An exact repetition of the data is required; no picture should appear in it.

[Given material]

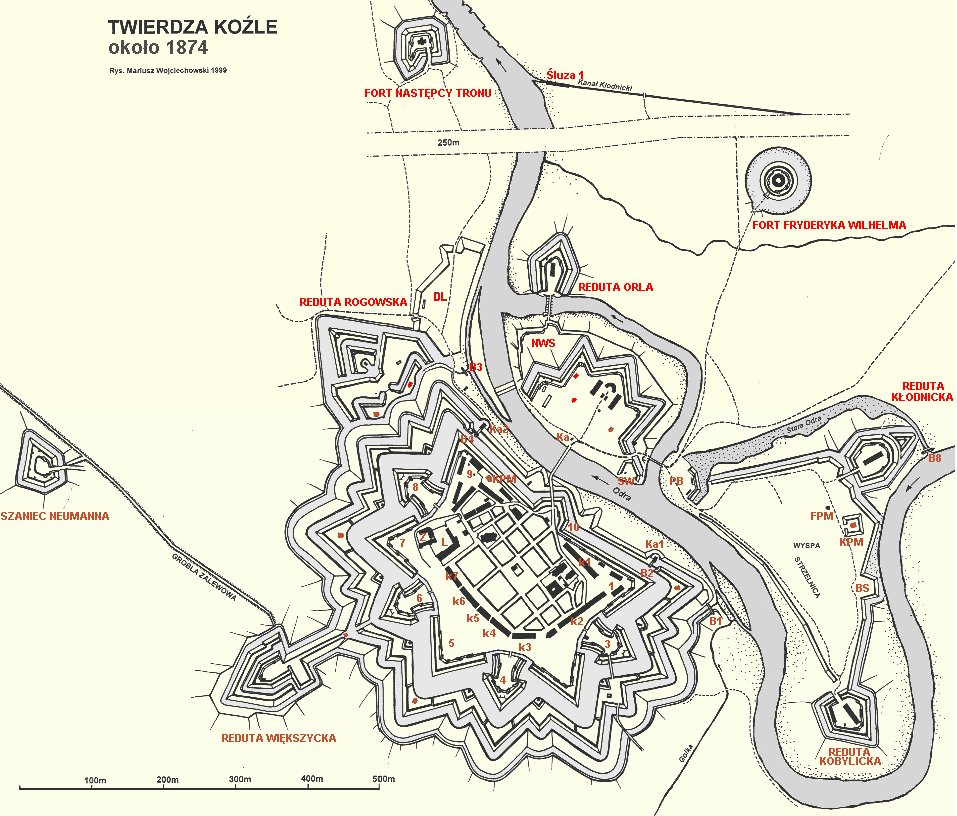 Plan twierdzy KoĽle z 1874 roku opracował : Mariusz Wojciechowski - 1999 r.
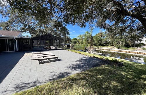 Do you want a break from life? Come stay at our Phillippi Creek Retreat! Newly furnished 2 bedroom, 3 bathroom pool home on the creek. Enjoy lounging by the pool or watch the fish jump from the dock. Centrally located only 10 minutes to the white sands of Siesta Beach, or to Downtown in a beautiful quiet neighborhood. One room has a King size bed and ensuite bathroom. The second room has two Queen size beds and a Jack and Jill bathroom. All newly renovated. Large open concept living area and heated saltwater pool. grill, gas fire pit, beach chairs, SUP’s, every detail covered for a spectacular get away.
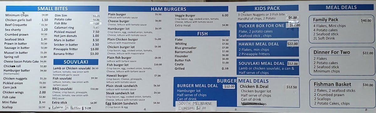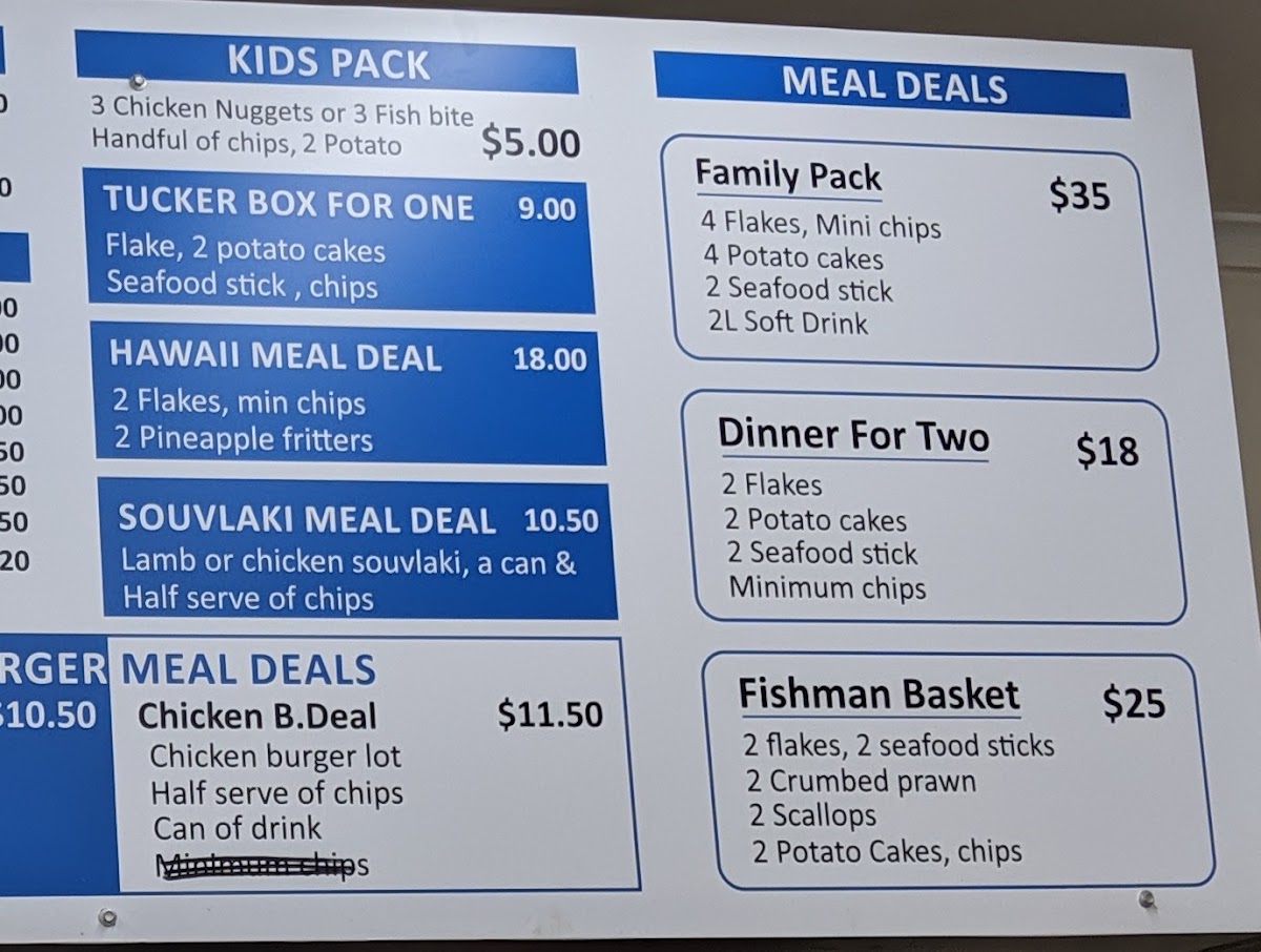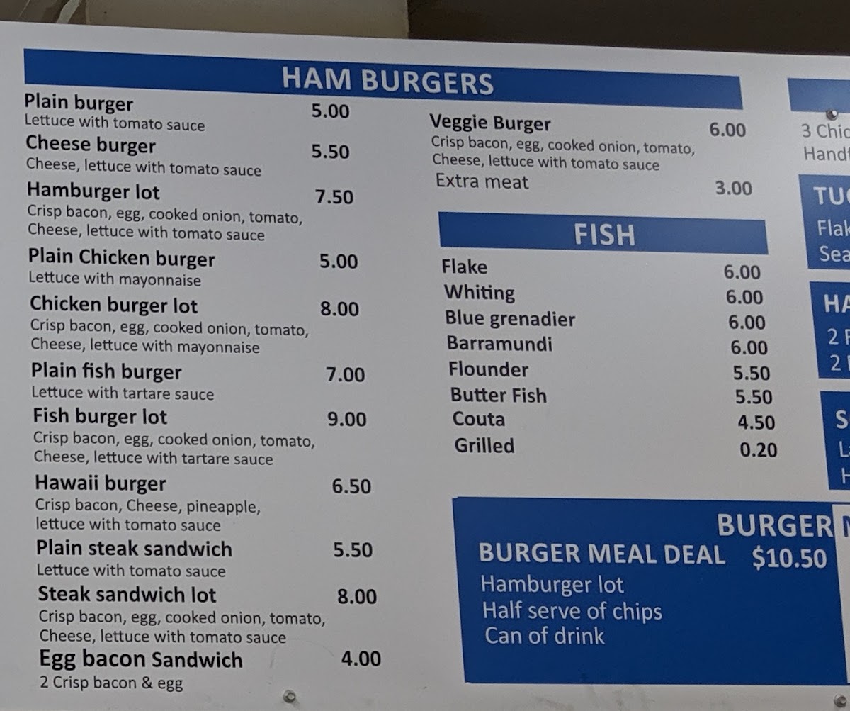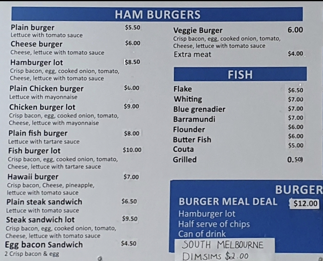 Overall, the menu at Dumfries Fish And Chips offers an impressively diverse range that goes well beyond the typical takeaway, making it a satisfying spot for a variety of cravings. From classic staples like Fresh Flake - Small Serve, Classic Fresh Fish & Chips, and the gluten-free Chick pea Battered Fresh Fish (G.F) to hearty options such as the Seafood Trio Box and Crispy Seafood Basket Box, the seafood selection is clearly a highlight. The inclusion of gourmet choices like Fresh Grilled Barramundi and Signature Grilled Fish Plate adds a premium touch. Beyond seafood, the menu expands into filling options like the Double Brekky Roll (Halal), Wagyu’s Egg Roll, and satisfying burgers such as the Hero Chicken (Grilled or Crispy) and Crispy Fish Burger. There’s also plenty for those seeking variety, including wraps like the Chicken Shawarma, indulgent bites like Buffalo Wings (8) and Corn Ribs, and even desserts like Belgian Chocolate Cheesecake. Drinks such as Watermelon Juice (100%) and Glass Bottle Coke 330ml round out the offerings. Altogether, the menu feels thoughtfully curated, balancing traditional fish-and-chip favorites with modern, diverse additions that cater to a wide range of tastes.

[/Given material]

_Reply_:
 Plan twierdzy KoĽle z 1874 roku opracował : Mariusz Wojciechowski - 1999 r.
 Do you want a break from life? Come stay at our Phillippi Creek Retreat! Newly furnished 2 bedroom, 3 bathroom pool home on the creek. Enjoy lounging by the pool or watch the fish jump from the dock. Centrally located only 10 minutes to the white sands of Siesta Beach, or to Downtown in a beautiful quiet neighborhood. One room has a King size bed and ensuite bathroom. The second room has two Queen size beds and a Jack and Jill bathroom. All newly renovated. Large open concept living area and heated saltwater pool. grill, gas fire pit, beach chairs, SUP’s, every detail covered for a spectacular get away.
 Overall, the menu at Dumfries Fish And Chips offers an impressively diverse range that goes well beyond the typical takeaway, making it a satisfying spot for a variety of cravings. From classic staples like Fresh Flake - Small Serve, Classic Fresh Fish & Chips, and the gluten-free Chick pea Battered Fresh Fish (G.F) to hearty options such as the Seafood Trio Box and Crispy Seafood Basket Box, the seafood selection is clearly a highlight. The inclusion of gourmet choices like Fresh Grilled Barramundi and Signature Grilled Fish Plate adds a premium touch. Beyond seafood, the menu expands into filling options like the Double Brekky Roll (Halal), Wagyu’s Egg Roll, and satisfying burgers such as the Hero Chicken (Grilled or Crispy) and Crispy Fish Burger. There’s also plenty for those seeking variety, including wraps like the Chicken Shawarma, indulgent bites like Buffalo Wings (8) and Corn Ribs, and even desserts like Belgian Chocolate Cheesecake. Drinks such as Watermelon Juice (100%) and Glass Bottle Coke 330ml round out the offerings. Altogether, the menu feels thoughtfully curated, balancing traditional fish-and-chip favorites with modern, diverse additions that cater to a wide range of tastes.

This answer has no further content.